The Portuguese only abandoned their last outpost in North Africa “Mazagao” during the reign of king josheph I. Pombal decided to move the town’s inhabitants to Brazil not due to pressure from Morocco but for economic reasons. So I do not feel Morocco would of Had easier time to expel the Portuguese rather than Spanish.

If following the 1640 of independence, Ceuta’s leader swears loyalty to Lisbon instead of Madrid it too would of become Portuguese again. Ceuta with its place in Portuguese historical importance (it was the first conquest in African 1415) the Portuguese while smaller would of done enough to maintain it too.

Hmmm I see... Moulay Ismail never attempt to attack Al Jadida.

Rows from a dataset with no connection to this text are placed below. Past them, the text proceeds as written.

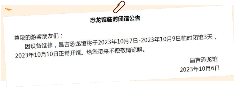 昌吉恐龙馆于10月6日发布《恐龙馆临时闭馆公告》,因设备维修,昌吉恐龙馆将于10月7日-10月9日临时闭馆3天,10月10日正常开馆。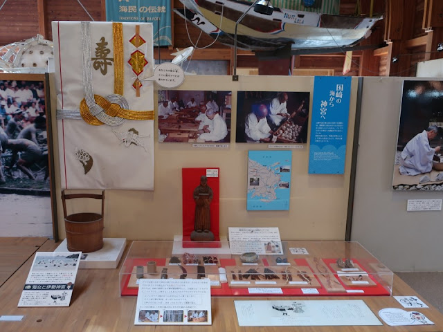 Not only prayers but also festivals are exhibited. Fishing a model of a bonito or a whale in the festival (left), the festive boat race (center) and the talisman which decollates their entrance (right) are exhibited.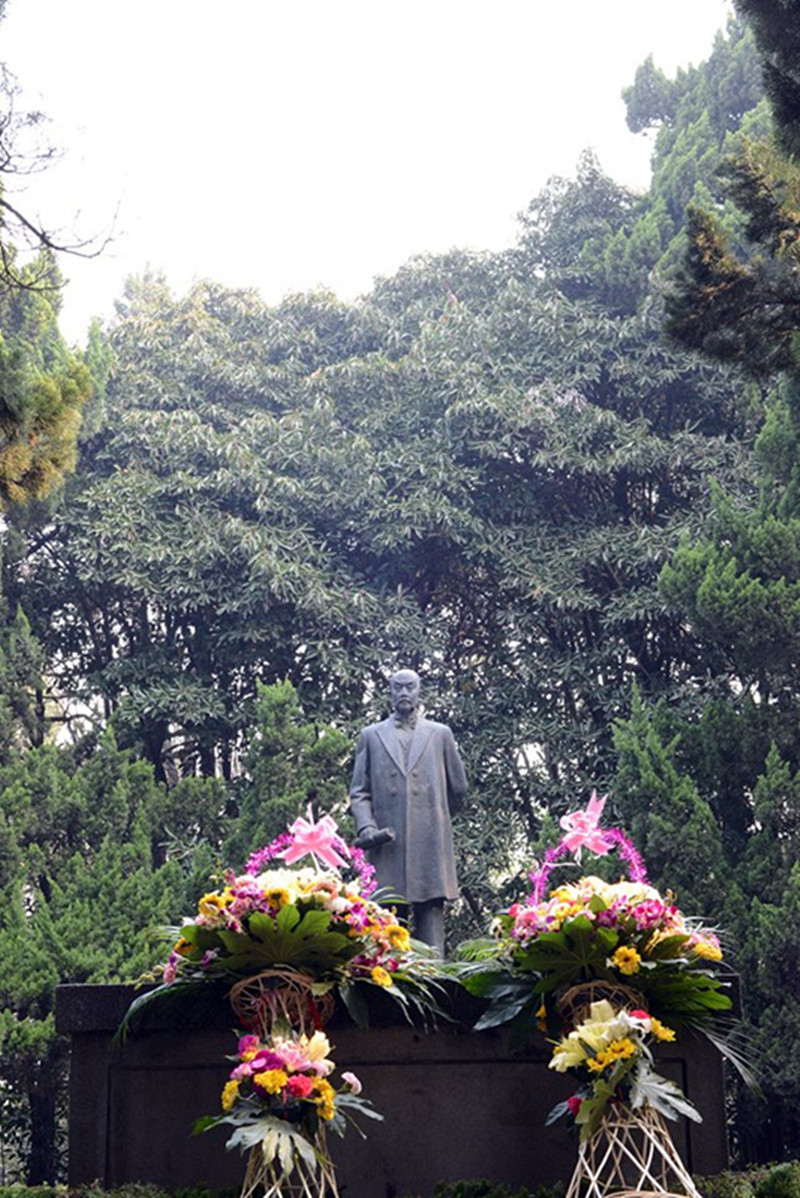 在庄严肃穆的气氛中,在猎猎飘扬的校旗下,同学们全体肃立,学生代表分别向张謇先生、张孝若先生墓前敬献了花篮,在向铜像三鞠躬。所有同学依次绕墓地一周,向张謇先生表达敬意。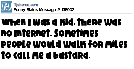 X When I was a kid, there was no Internet. Sometimes people would walk for miles to call me a bastard.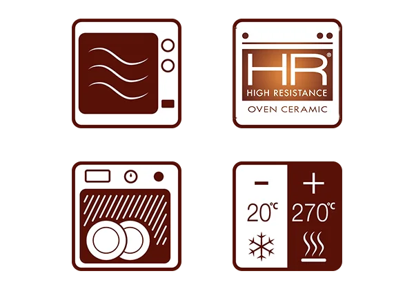 Riad z kolekcie High Resistance® je vysoko odolný voči nárazu alebo poškriabaniu. Odoláva aj teplotným šokom – po vybratí z mrazničky ho môžete rovno vložiť do vyhriatej rúry, keramika vám nepopraská. Riad z keramiky HR je možné použiť na ohrev v mikrovlnnej rúre či umývať v umývačke riadu. Nie je určený na používanie na zdrojoch priameho tepla.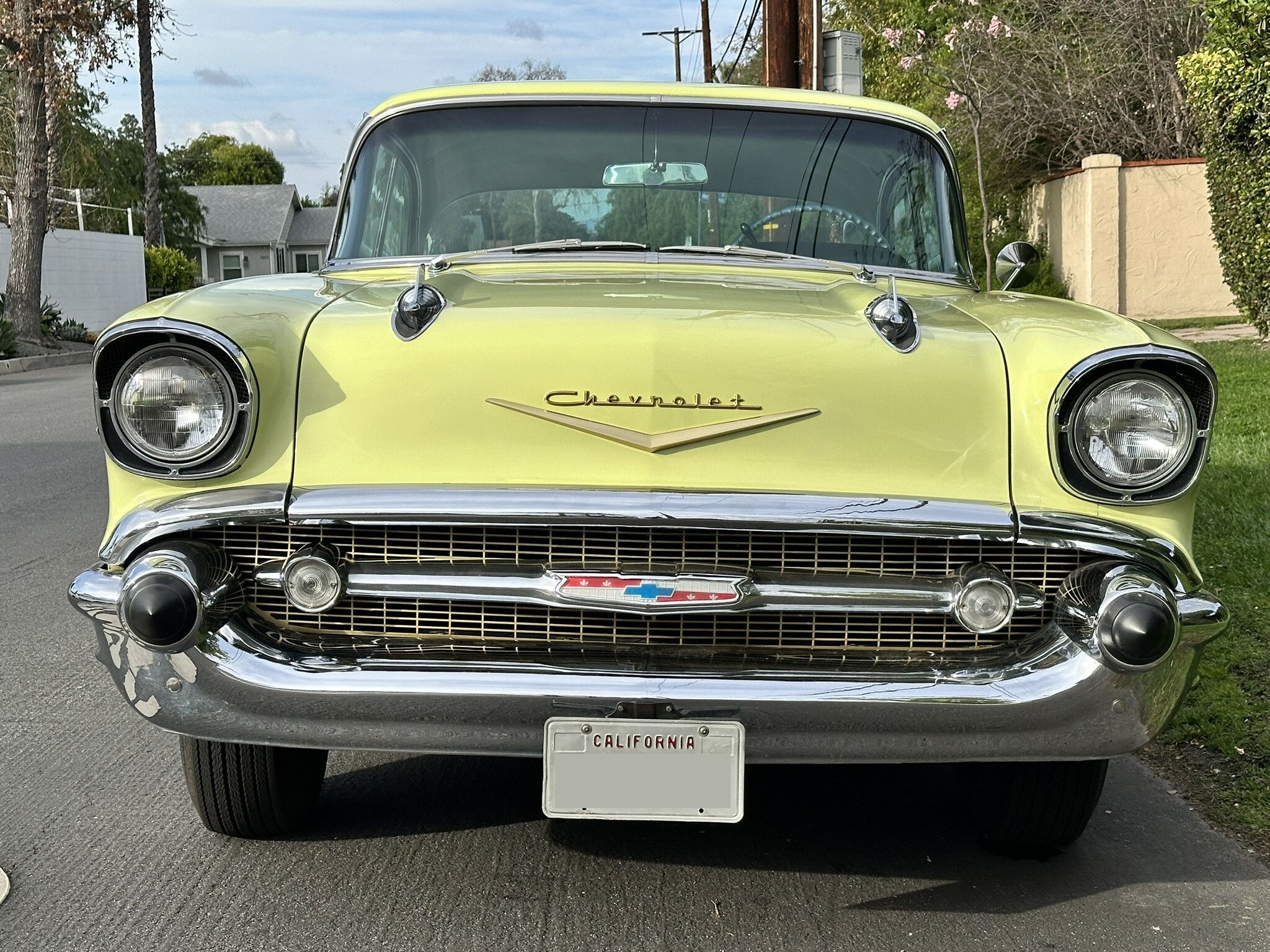 This 1957 Chevrolet Bel Air Sport Sedan was originally purchased by the seller's grandfather in Portland, Oregon. After his 1963 passing, the car was little used and mostly garaged until 1990, when it was acquired by the seller. Some right fender repairs were made and the Bel Air was repainted solid yellow, a brighter shade than the car's original Colonial Cream, a pale yellow. This four-door hardtop Sport Sedan is one of 137,672 produced in 1957.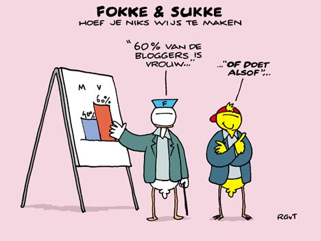 Op internet hoef je niet te zijn wie je daadwerkelijk bent. Puisterige bebrilde puberjochies kunnen zich zonder al te veel moeite voordien als een gespierde adonis en sexueel gefrustreerde oude viezerikken veranderen met een simpele klik in schattige meisjes van 14. Fokke en Sukke hebben dit ook ondervonden en nemen demografische data over bloggers dan ook met de nodige korreltjes zout.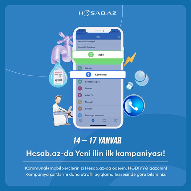 Kampaniya 14-17 Yanvar tarixlərində Hesab.az veb səhifəsi və mobil tətbiqində ödəniş edən qeydiyyatlı istifadəçiləri əhatə edir. Belə ki, həm Hesab.az mobil tətbiqində, həm də veb səhifəsində qeydiyyatlı şəkildə bir dəfə iştirak edərək, kommunal + mobil və ya hər hansı birinə müəyyən edilmiş məbləğdə ödəniş etdikdə müxtəlif hədiyyələr qazanmış olacaqlar.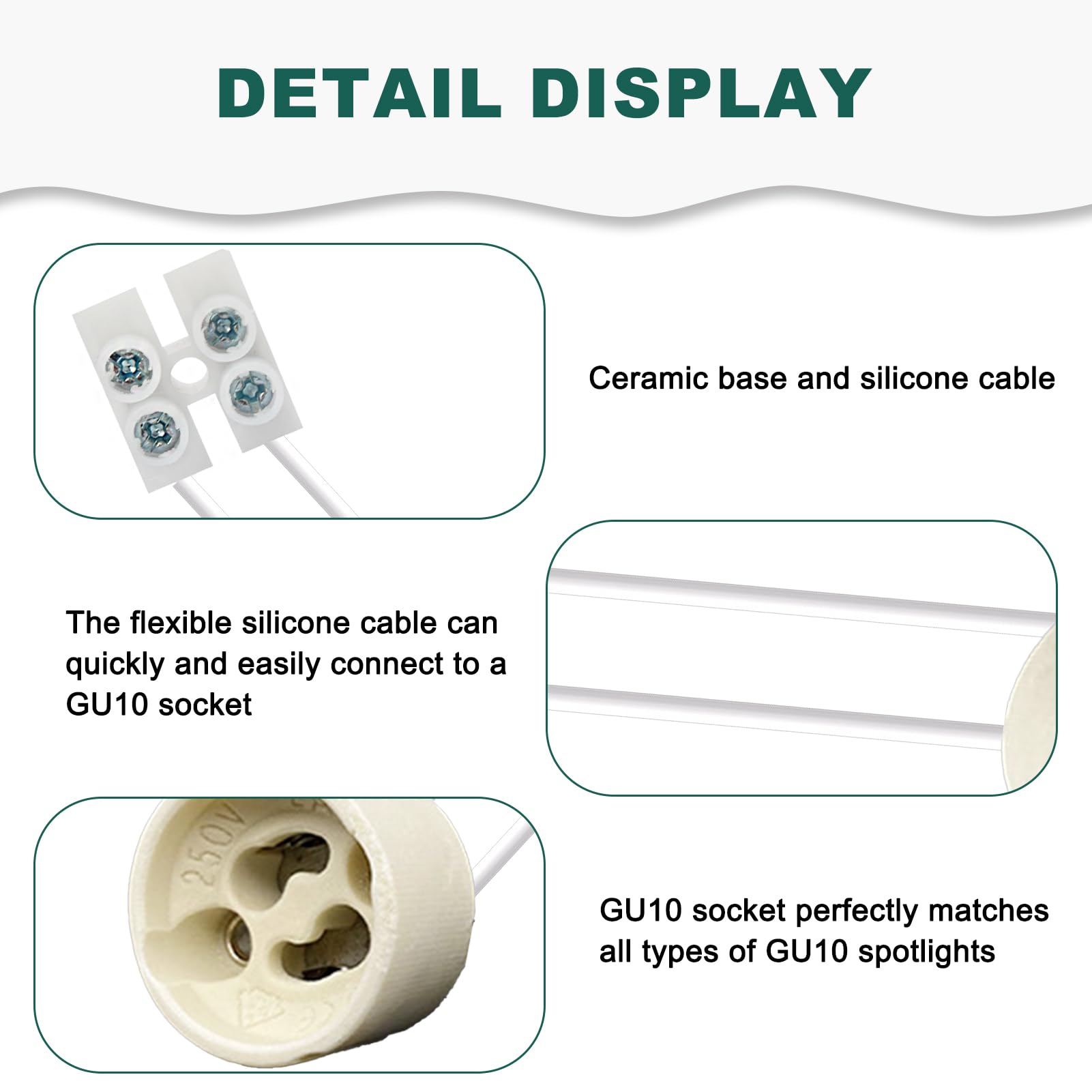 8 pièces douilles en céramique Gu10 avec connecteur de câble 2A 250v... Plage de Tension: Connecteur ampoule gu10 pour une large plage de tension de 0 à 250V et est capable de gérer jusqu'à 200w. Cet ensemble de 8 douilles culot gu10 céramique offre un excellent rapport qualité-prix, permettant de réaliser plusieurs installations ou remplacements à moindre coût, idéal pour les projets d'éclairage à grande échelle ou les besoins de rechange Ensemble Douilles GU10 Installation Douille En Céramique GU10 Avec Fils En Silicone, Fixations De Haute Qualité, éclairage Facile, Installation Résistante, Chaleur, Système De Connexion Sécurisé Pour Projecteurs Installation Facile Bricolage Isolation et Conduction Fiables: Base de douille ampoule avec connecteur rapide résistant à la température de haute qualité et fil de silicone résistant à la chaleur, ces branchement led gu 10 assurent une excellente isolation et une conduction électrique sécurisée, minimisant ainsi les risques de surchauffe et de court-circuit, pour une utilisation en toute tranquillité Lot de 10 Douilles GU10 Céramique Automatique 230V Installation Rapide et Facile: Les fils en silicone flexibles permettent un raccordement simple et douille gu10 avec connecteur rapide, facilitant ainsi l'installation pour les professionnels comme pour les amateurs de bricolage, sans besoin de compétences techniques avancées Douille Pour Lampe Gu10 Douilles GU10 En Céramique Avec Câble Silicone - Lot De 30 - 12 Cm - Pour Ampoules LED Et Halogènes Portalampada Gu10

Ismail besieged Ceuta when it was a Spanish city. There is no reason to stop if it is a Portuguese possesion. In the late 17th and early 18th century Spain had much more manpower and resources than Portugal.

Before feeling attacked or insulted, that is not what I not want. I do not think it is impossible for Portugal to keep it. But it will need much more resources, considering Moulay Ismails agressive policies and the value of the city is not worth it in comparison to their Indian possessions.

Unless some king has a crusader mentality to defend Ceuta rather than have the Moors conquer it...
 
The problem with Ceuta was that it was its own diocese, and it would have been politically unwise for any Portuguese king to simply abandon the city without facing criticism from the clergy. Tangier too had previously had its own bishop, but in 1570 it became a suffragan of Ceuta. Ceuta's bishop was a suffragan of the Patriarch of Lisbon, and by the reign of Manuel I there were many in the court whom wanted to abandon the North African enclaves as they were too costly. By the mid-16th century the majority had been conquered or abandoned, and the remaining three of Ceuta, Tangier and Mazagan had their defences reinforced at a great cost to the Portuguese state. Ceuta would have probably been maintained as Portuguese, but long sieges would have been an unnecessary drain on the Portuguese finances.